Start of Dataset content

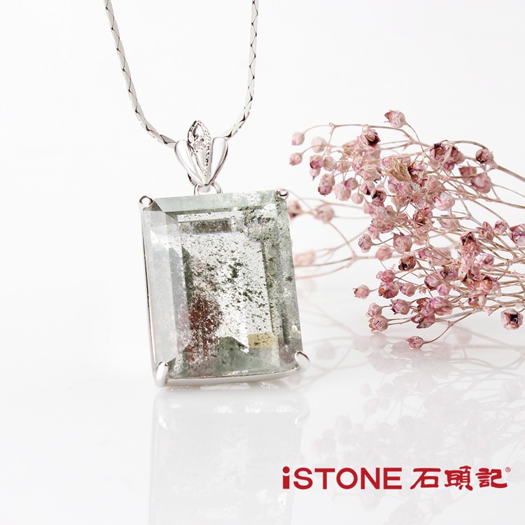 石頭記天然綠幽靈項鍊-夢幻森林 (長方形)
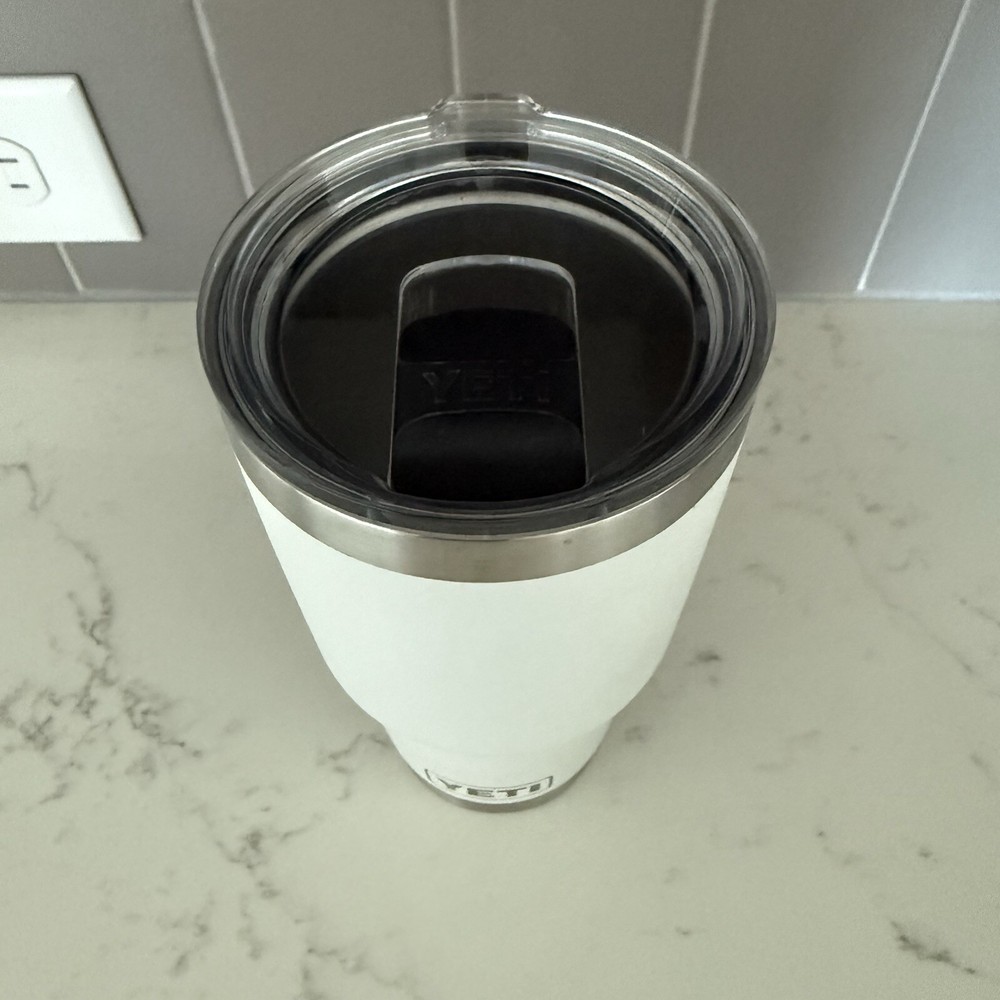 This 30 ounce Yeti Rambler Cup Tumbler is the perfect addition to your daily routine. Made of high-quality stainless steel, it can keep your hot beverages hot for 12 hours and your cold beverages cold for 24 hours. The solid white color and sleek design make it a stylish choice for any home or office setting. It also comes with a lid to keep your drink safe and secure. Whether you're on the go or just need a quick caffeine fix, this tumbler is the perfect choice for you.
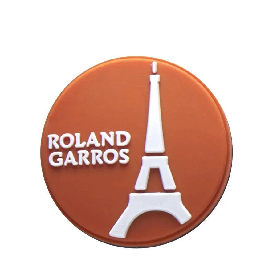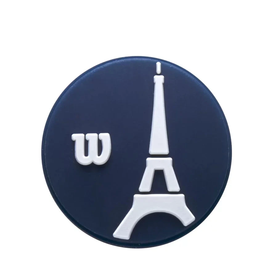Garros inspired anti-vibrators, a pack of Roland Garros inspired anti-vibrators that effectively absorb shock and reduce vibration when balls hit the strings. The pack includes two anti-vibrators with an eiffeil tower graphic. The first orange one is printed Roland Garros while the second, blue, is printed Wilson.
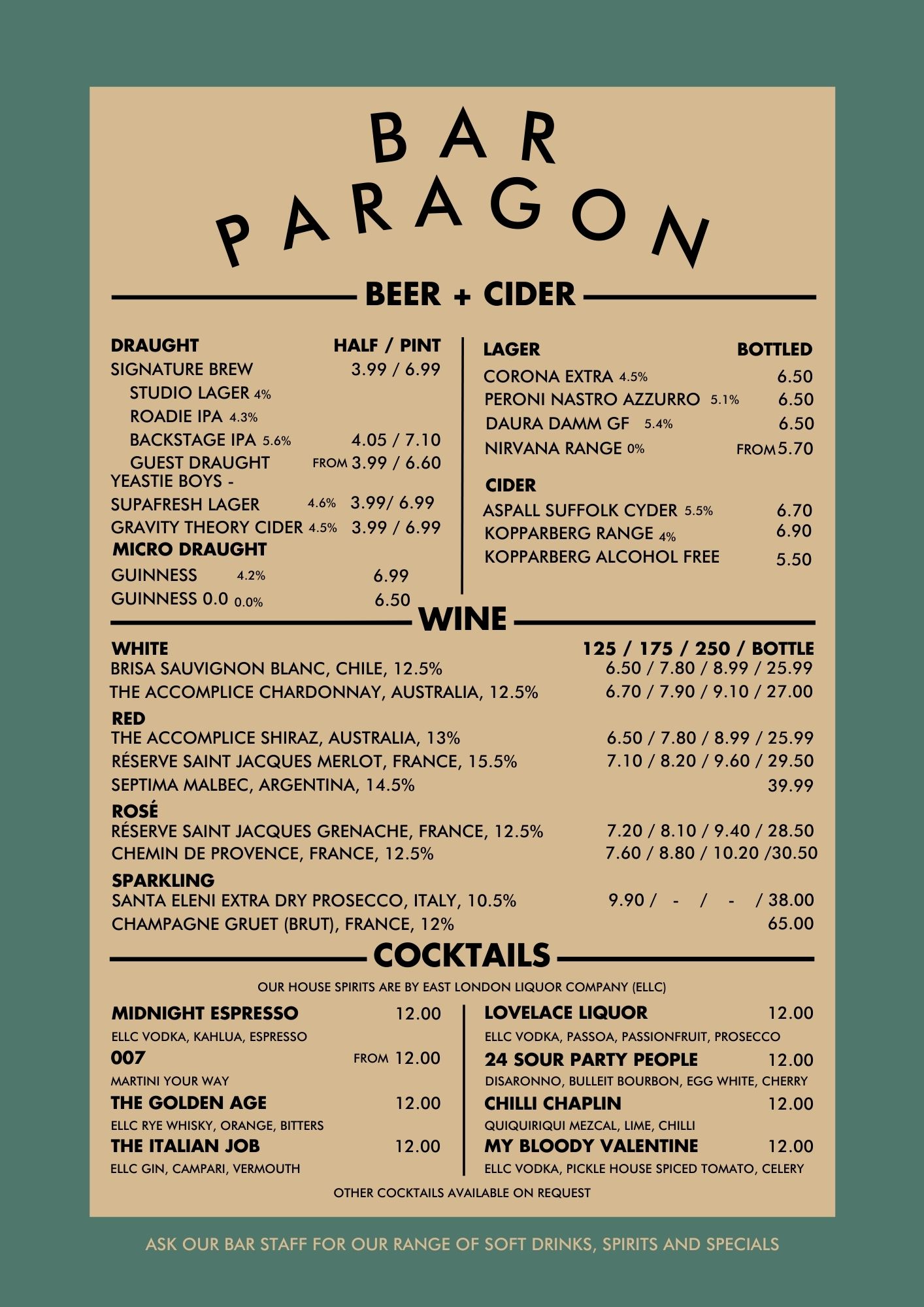 Named after the Paragon Theatre of Varieties, the name of the site from 1885, our bar is the heart of Genesis. With themed cocktails, a great selection of beer from Signature Brew, as well as a wide selection of non-alcoholic beverages, we have something for everyone.
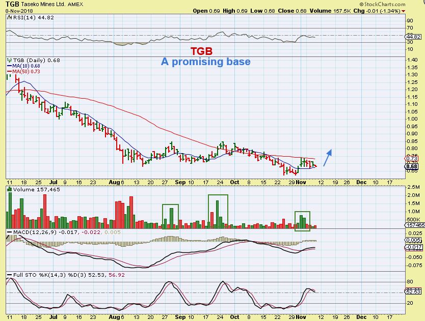 TGB – This copper stock is starting to look like a good base with bullish divergence and bullish set up. A close above the 50 sma would be a great start. So we can keep an eye on the Metals sector going forward too.
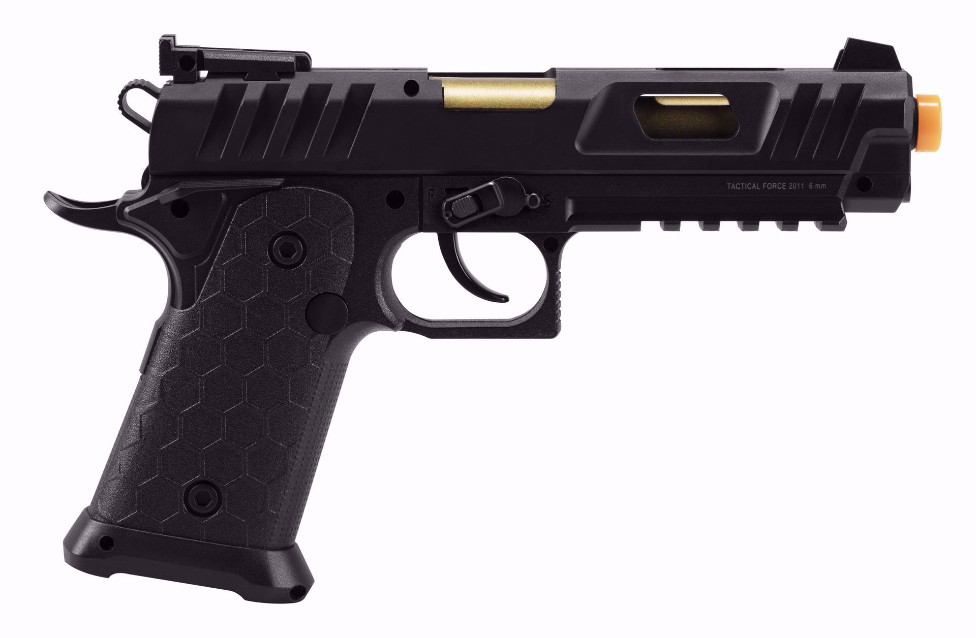 Double the fun with the new Tactical Force 2011 6mm airsoft pistol. In the firearms world, the 2011 is double-stack 1911 style pistol with a modern design twist as the manufacturer sees fit. With the TF 2011, we give you the big grip feel of the 2011 design with an agressively cut slide with dual-cut-away windows, under-barrel Picatinny rail, and high-set sights. The TF 2011 launches .12 gram airsoft BBs at 400 FPS and the stick magazine holds 14 BBs. Pick up a bottle of Elite Force Airsoft BBs, plenty 12 gram Umarex CO2, and some spare magazines for weekend after weekend of airsoft!
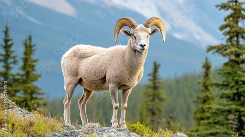 A bighorn sheep stands on a rocky outcrop in a mountain meadow
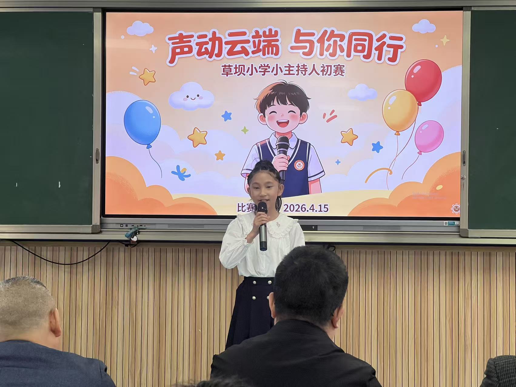 为丰富校园文化生活,提升学生语言表达能力,近日,草坝小学“声动云端,与你同行”小主持人初赛活动火热举行。全校27名同学齐聚赛场,共同奔赴一场声音的盛宴,角逐复赛名额。

End of Dataset content

◆ Task goal ◆
Nothing but the lines from the line containing "Garros inspired anti-vibrators, a" to the end of the records above should be repeated, exactly and with every picture omitted.

◆ Answer area ◆
Garros inspired anti-vibrators, a pack of Roland Garros inspired anti-vibrators that effectively absorb shock and reduce vibration when balls hit the strings. The pack includes two anti-vibrators with an eiffeil tower graphic. The first orange one is printed Roland Garros while the second, blue, is printed Wilson.
 Named after the Paragon Theatre of Varieties, the name of the site from 1885, our bar is the heart of Genesis. With themed cocktails, a great selection of beer from Signature Brew, as well as a wide selection of non-alcoholic beverages, we have something for everyone.
 TGB – This copper stock is starting to look like a good base with bullish divergence and bullish set up. A close above the 50 sma would be a great start. So we can keep an eye on the Metals sector going forward too.
 Double the fun with the new Tactical Force 2011 6mm airsoft pistol. In the firearms world, the 2011 is double-stack 1911 style pistol with a modern design twist as the manufacturer sees fit. With the TF 2011, we give you the big grip feel of the 2011 design with an agressively cut slide with dual-cut-away windows, under-barrel Picatinny rail, and high-set sights. The TF 2011 launches .12 gram airsoft BBs at 400 FPS and the stick magazine holds 14 BBs. Pick up a bottle of Elite Force Airsoft BBs, plenty 12 gram Umarex CO2, and some spare magazines for weekend after weekend of airsoft!
 A bighorn sheep stands on a rocky outcrop in a mountain meadow
 为丰富校园文化生活,提升学生语言表达能力,近日,草坝小学“声动云端,与你同行”小主持人初赛活动火热举行。全校27名同学齐聚赛场,共同奔赴一场声音的盛宴,角逐复赛名额。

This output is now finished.